Other biomarkers, such as sFlt-1 and PlGF, have also been evaluated for their potential to predict pre-eclampsia. Research reported in the New England Journal of Medicine indicated that an sFlt-1/PlGF ratio of 38 or less could reliably exclude the likelihood of developing pre-eclampsia within one week, achieving a negative predictive value of 99.3% (95% CI: 97.9–99.9%), along with a sensitivity of 80.0% and specificity of 78.3%. In contrast, ratios above 38 indicated a positive predictive value of 36.7% (95% CI: 28.4–45.7%) for developing pre-eclampsia within 4 weeks, accompanied by a sensitivity of 66.2% and specificity of 83.1% [31]. However, this previous research primarily addressed short-term risk predictions in pregnant women between 24 and 36 weeks of gestation, potentially limiting its effectiveness in preventing pre-eclampsia during that specific period. In contrast, our investigation found galectin-1 is a promising biomarker for identifying the risk of pre-eclampsia as early as the first trimester, thus enabling obstetricians to implement preventive interventions at a much earlier stage.

We also examined the association between galectin-1 levels and a range of adverse pregnancy outcomes commonly linked to pre-eclampsia [32,33]. Women in the lowest tertile of Gal-1 concentration had a significantly higher risk of fetal growth restriction, low birth weight, preterm birth, postpartum hemorrhage, and low Apgar scores (Table 6).
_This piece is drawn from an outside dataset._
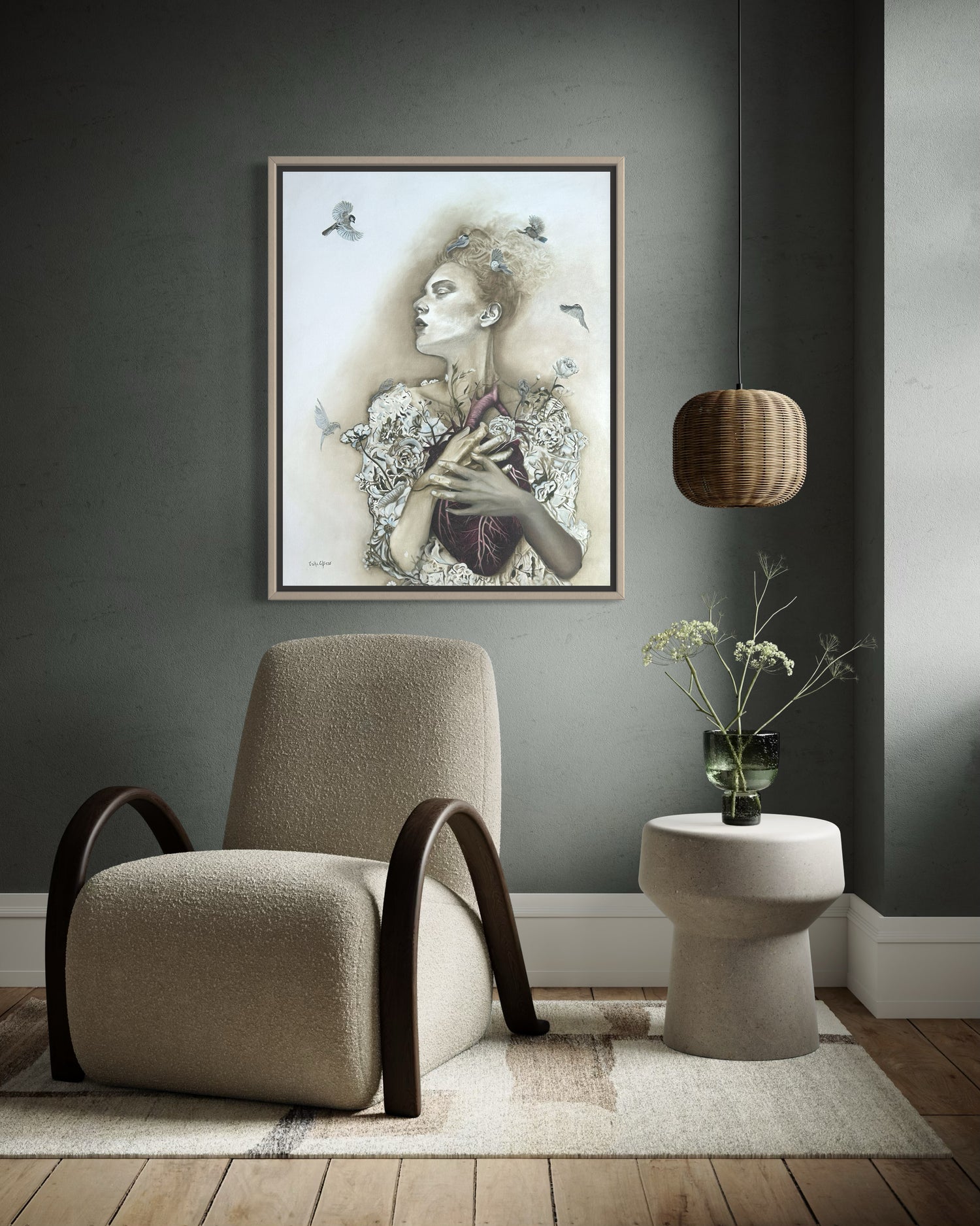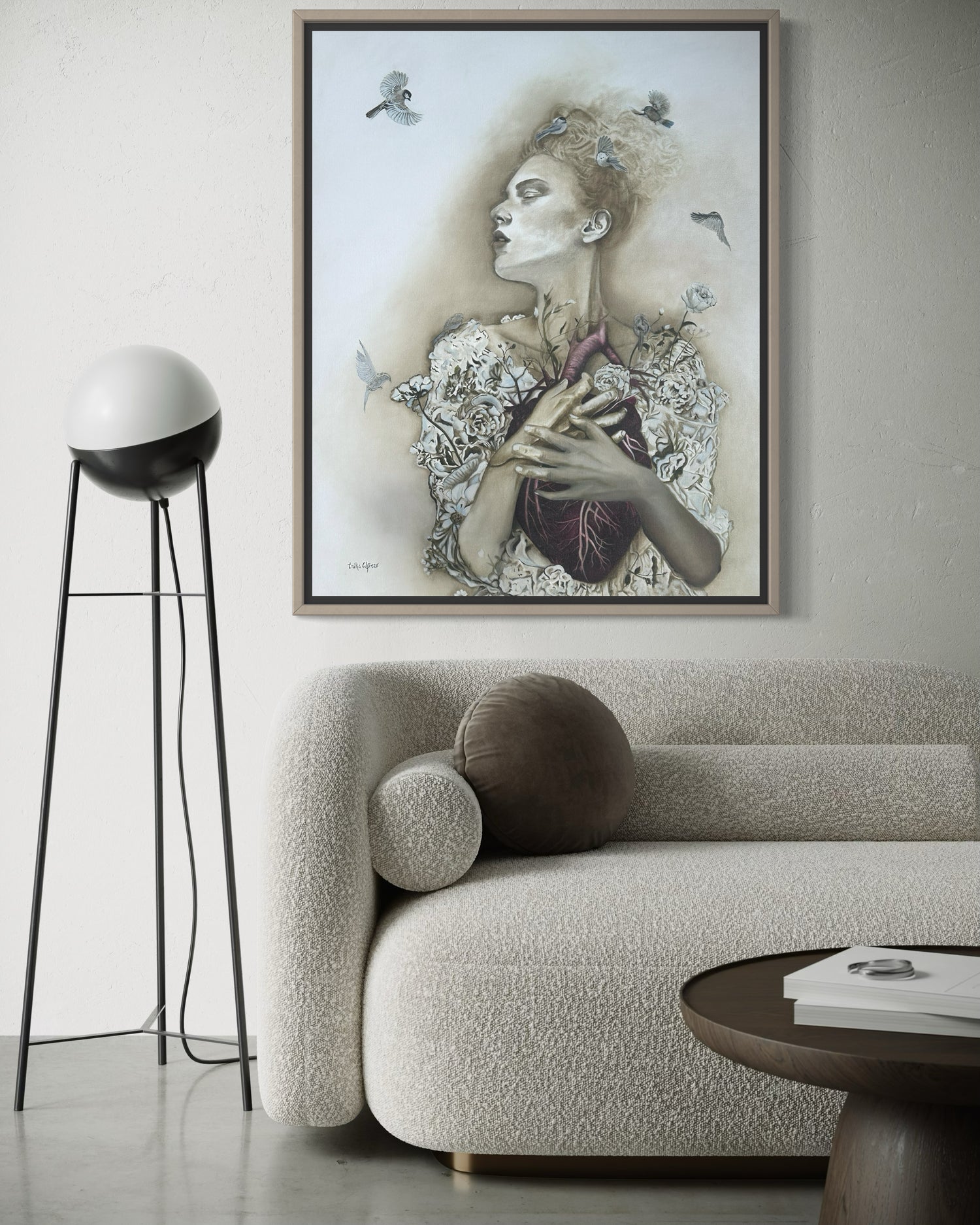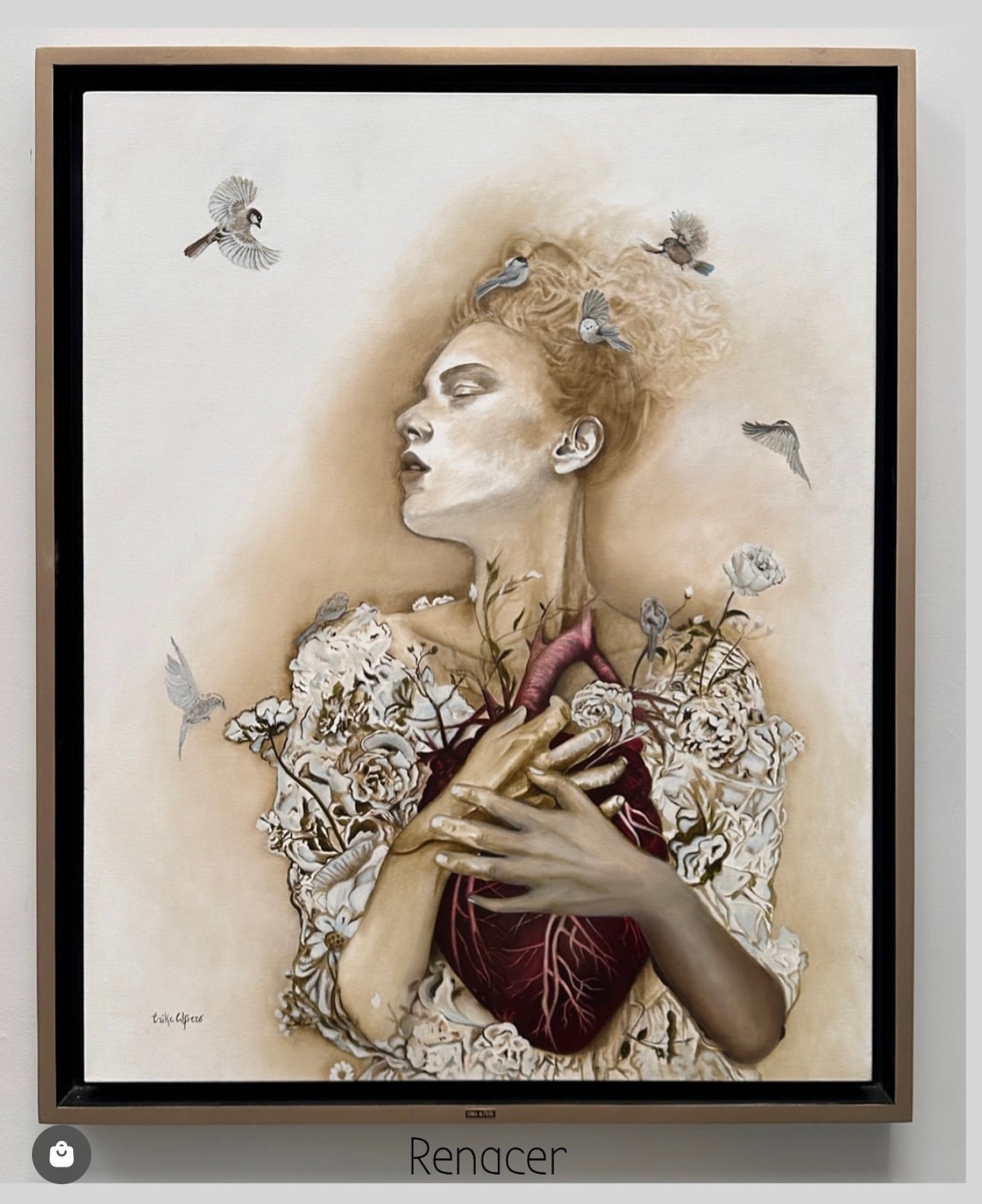 "Renacer", de Erika Alfiero, es una obra de realismo figurativo en óleo que encapsula la esencia de la transformación y la resiliencia. La pieza presenta una figura femenina con una expresión serena y contemplativa, cuyos tonos suaves y etéreos contrastan con la fuerza del elemento central: un corazón anatómicamente detallado, vibrante en tonalidades profundas de rojo y púrpura, sostenido con delicadeza por sus propias manos.

These results further support galectin-1’s role in maintaining placental function and fetal well-being, which are closely related to the pathophysiology of pre-eclampsia.

This study has several limitations that should be acknowledged. First, this was a single-center study, which may limit the generalizability of the results to broader populations. Second, although adjustments were made for multiple potential confounders, unmeasured variables such as genetic predisposition, socioeconomic factors, and environmental exposures can influence galectin-1 levels and pre-eclampsia risk. Lastly, while ELISA-based measurement of galectin-1 is reliable, variability in commercial assay kits and pre-analytical conditions could affect reproducibility in other clinical settings.

Conclusions

This study demonstrates that low maternal serum galectin-1 concentrations in the first trimester are significantly associated with the subsequent development of pre-eclampsia. Galectin-1 showed good predictive performance in early prediction of pre-eclampsia in the first trimester, particularly for early-onset pre-eclampsia. These findings support the potential of galectin-1 as a promising biomarker for early prediction of pre-eclampsia. It could improve early risk stratification and guide timely interventions, ultimately reducing the incidence of pre-eclampsia.